§ Assignment: Every line of the listing is returned unchanged, and every picture is dropped.

§ Raw data:
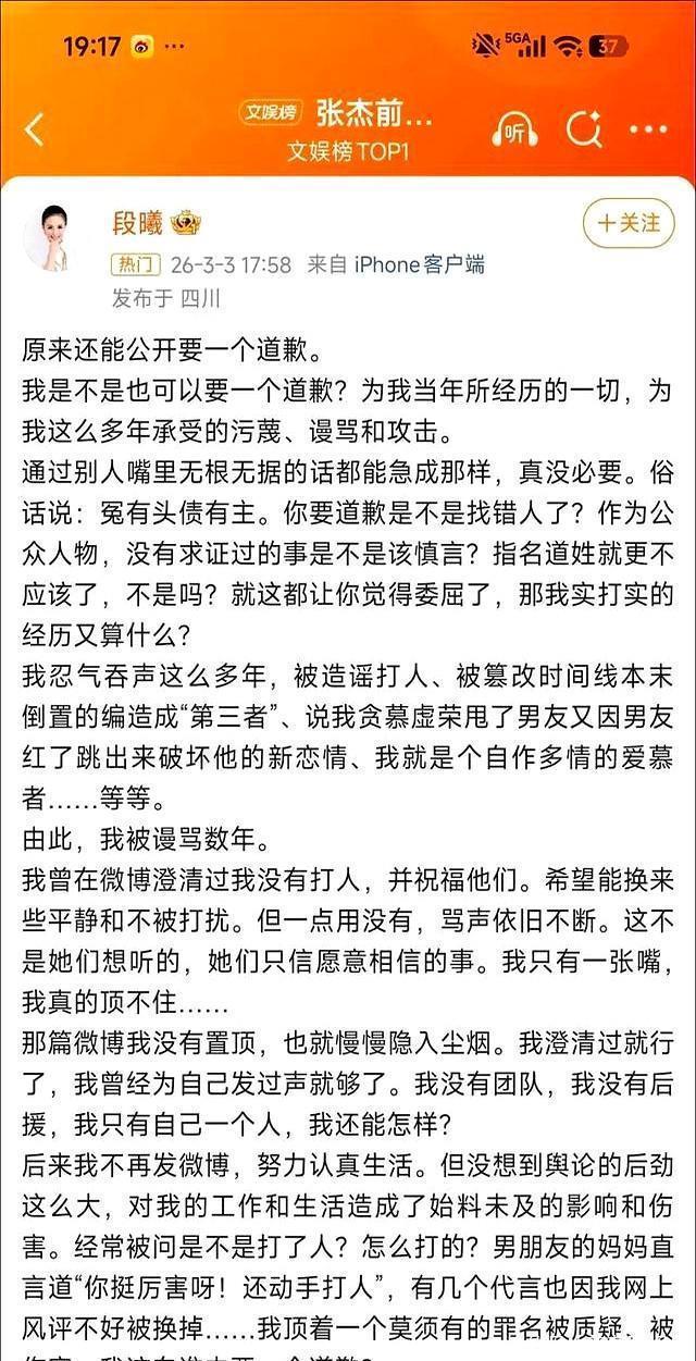 所以事情很快爆发了反转。张杰的前女友段曦,沉默了十几年,终于也发声了。她不是简单的发牢骚,而是把自己多年来的辛酸细节都说了出来:年轻时和张杰在上海租小房子,自己打几份工,甚至卖车卖房支持对方,最后换来一句分手。
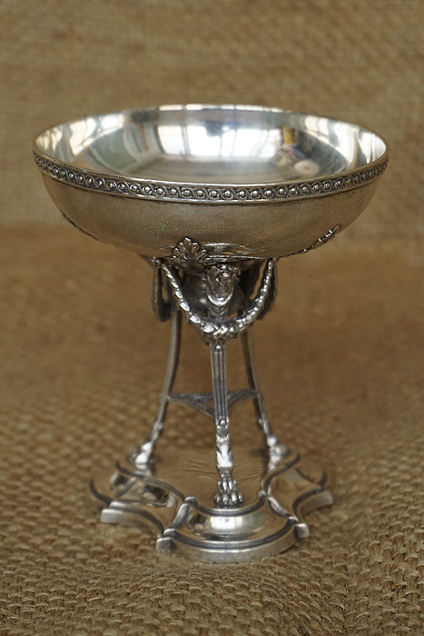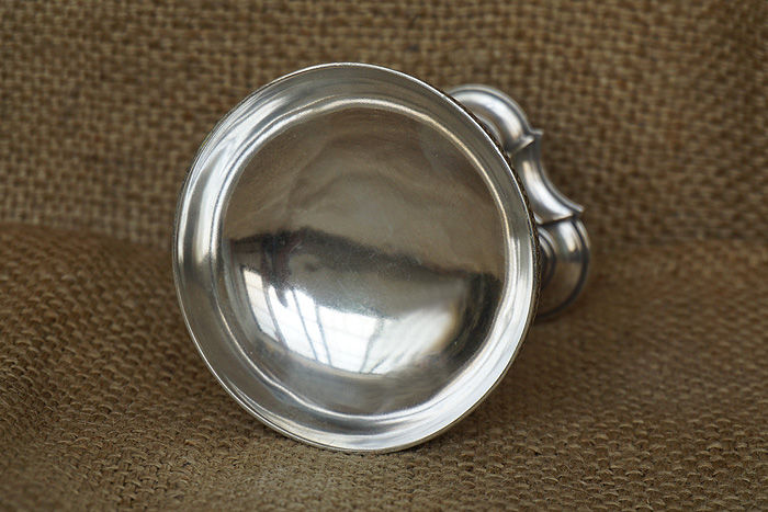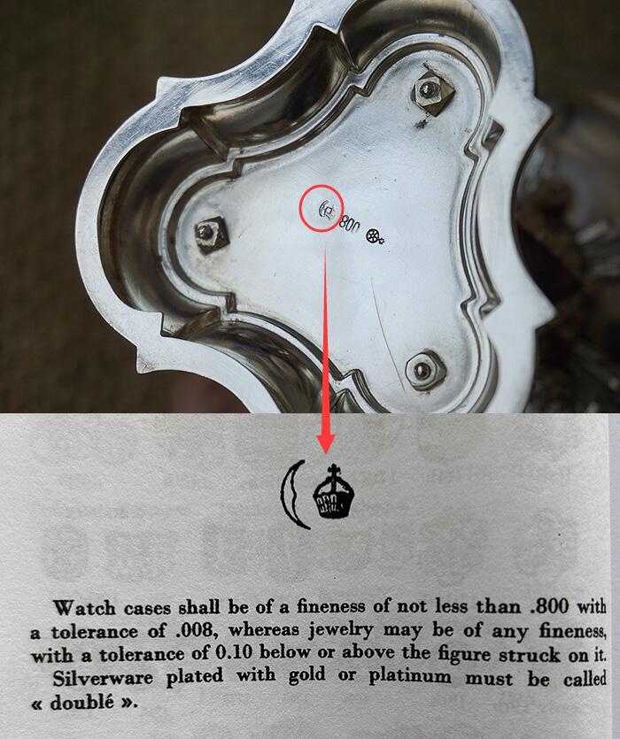 高9.5CM,直径8.5CM。月亮+皇冠标,800银,重133克。高脚造型,底部为狮爪设计,以橡叶为托,做工精细,观赏性更甚于实用性。
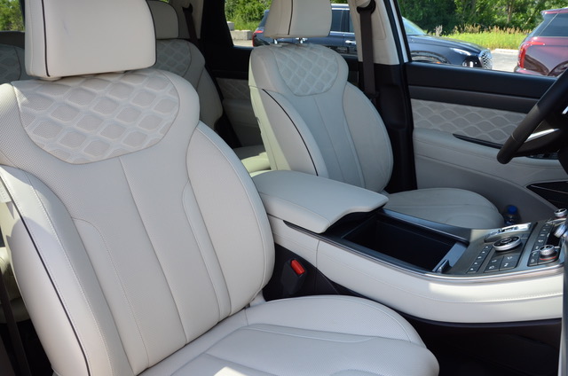 So, yes, you can move a lot with the Palisade. And the moving gets done by a 291-horsepower 3.8-L V6 coupled to an eight-speed automatic. On the day’s drive I mentioned it was just me and an associate on board. The V6 delivered plenty or performance with the Palisade moving quickly from stop. The automatic is crisp-shifting and I really liked the push-button shift-by-wire gear selector. The HTRAC AWD system has different selectable drive modes that optimize performance based on driving conditions.

§ Solution below:
 所以事情很快爆发了反转。张杰的前女友段曦,沉默了十几年,终于也发声了。她不是简单的发牢骚,而是把自己多年来的辛酸细节都说了出来:年轻时和张杰在上海租小房子,自己打几份工,甚至卖车卖房支持对方,最后换来一句分手。
 高9.5CM,直径8.5CM。月亮+皇冠标,800银,重133克。高脚造型,底部为狮爪设计,以橡叶为托,做工精细,观赏性更甚于实用性。
 So, yes, you can move a lot with the Palisade. And the moving gets done by a 291-horsepower 3.8-L V6 coupled to an eight-speed automatic. On the day’s drive I mentioned it was just me and an associate on board. The V6 delivered plenty or performance with the Palisade moving quickly from stop. The automatic is crisp-shifting and I really liked the push-button shift-by-wire gear selector. The HTRAC AWD system has different selectable drive modes that optimize performance based on driving conditions.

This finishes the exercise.